Friday, September 19, 2003


As most State regulars will know, Rich Cobbett is a extremely nice man. So nice, in fact, that he's lent me 3 DVD's to initiate me into the world of Japanese Anime.

Anime is one of those many things that I've had a passing interest in, but never really gotten around to exploring. When someone mentions Anime, most people immediately tend to think "Akira" - which I saw years ago and quite liked - whereas an Anime Guru like Rich would tell you that Akira isn't only not really representative of Anime, it's also rather rubbish.

So, one evening I grabbed Rich on MSN and asked him what first got him into Anime, and if Akira was crap, what was good? The answer to the first question was surprisingly familiar - cartoon series like Ulysees 2332 and Cities Of Gold, which I just thought at the time were entertaining kids cartoons, when they're in fact Franco-Japanese collaborative Anime. (Or Anime inspired French cartoons, depending upon who you Google)

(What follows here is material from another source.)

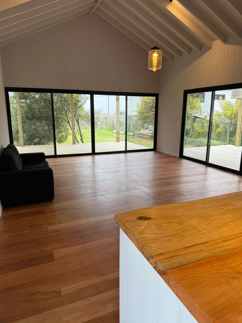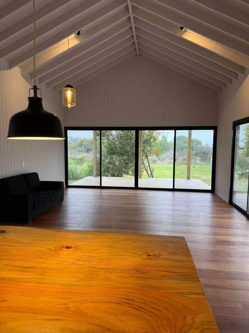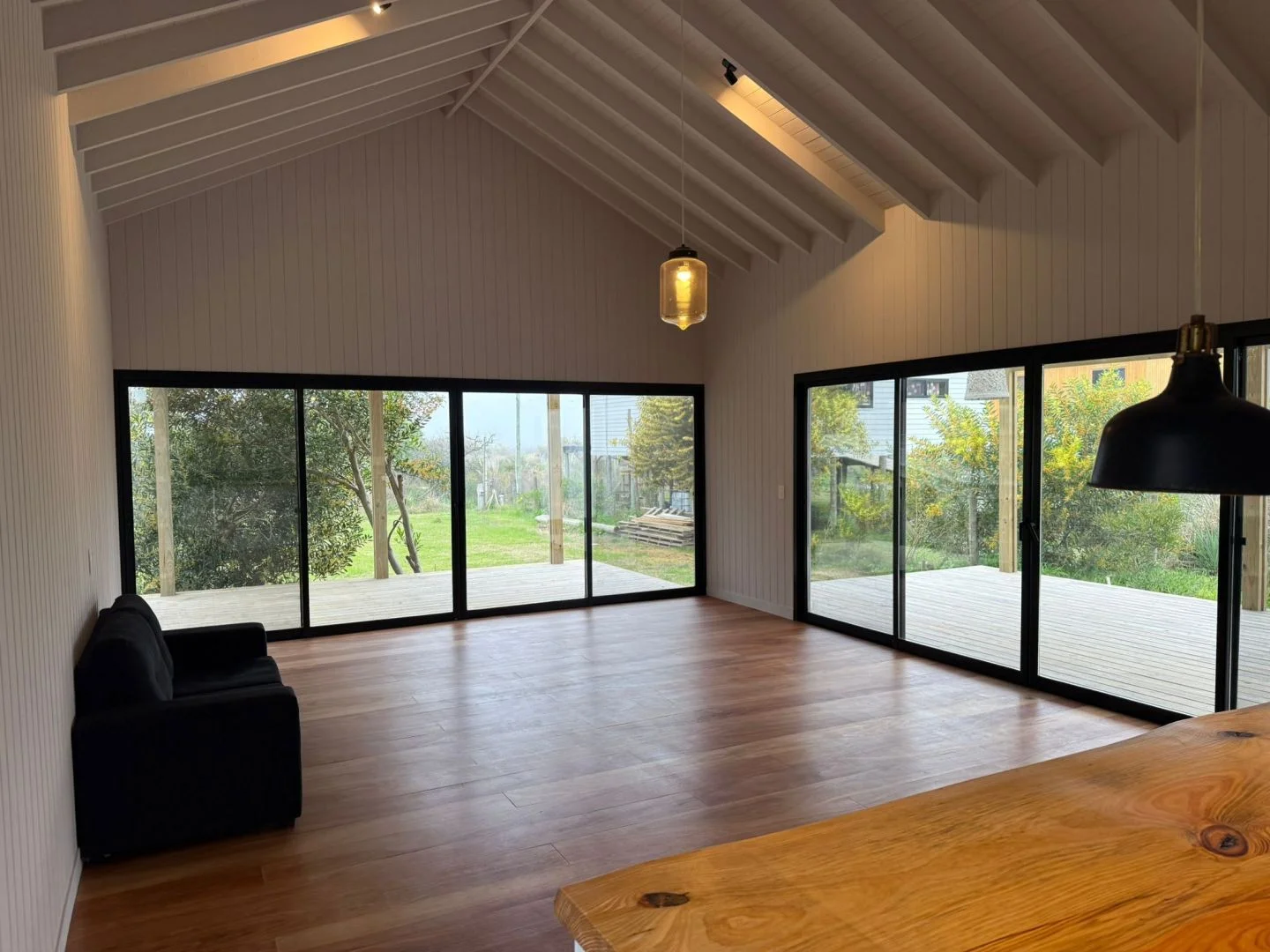 El living comedor es amplio y se integra perfectamente con el exterior, generando una sensación de continuidad entre el interior de la casa y el jardín. El diseño arquitectónico aprovecha al máximo la luz natural y la orientación del terreno, logrando espacios cálidos durante todo el año.
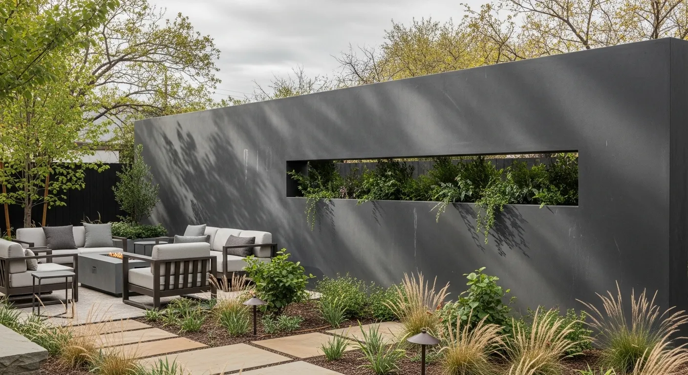 I love how this design feels structured but still welcoming. The contrast between the dark wall and the warm light is so satisfying to me. It feels like a little designer patio tucked away from the world. For anyone who appreciates clean lines and a quiet color palette, this kind of wall makes the entire outdoor space look elevated and thoughtfully styled.

Using a set of favourite directors and cinema genres as a guide, Rich selected a few DVDs for me to try, and last night I finished watching the first of them, Cowboy Bebop, Episodes 1-5.

Cowboy Bebop's core themes are best described as the impossi-love child of Boba Fett, Bruce Lee and Sergio Leone. Sci-Fi Kung Fu bounty hunting with a Western twist. It sounds bizarre, but it really works. You know you're onto a winner when the opening title music is titled "Tank!"

It's real Kick! 'Splode! stuff, though this is A Good Thing. I have to admit that I was pretty astounded by the quality of the animation - the blend of CGI and hand-drawn animation is excellent, pretty seamless, and positively drips with atmosphere - the jumpgates piss all over those in Babylon 5 and the Roulette Wheel shaped orbital casino really tickled my fancy, being an ex-croupier.

The characters are all very solid, which is surprising, given the limited time given to character development, and the English dub is absolutely perfect - if you didn't know, you could hardly tell that it was originally drawn for a Japanese soundtrack. The stories are very action oriented, and the emphasis is more on style, rather than plot, but it's highly watchable stuff, with moments of real serene beauty.

It's a bit of a cliché to say that cartoons or animation are only for kids, but this gives the lie to it. Cowboy Bebop has a more cinematic feel than anything, and there are moments that are reminiscent of the kind of cinematography you'd expect to see in a Michael Mann or John Woo film - it's the kind of experience you can simply let wash over you for you to savour like a fine cognac.

I think I'll try an pick up the complete series on DVD off eBay next month, because having had a taster, I'd really like to see the whole series now. Highly recommended.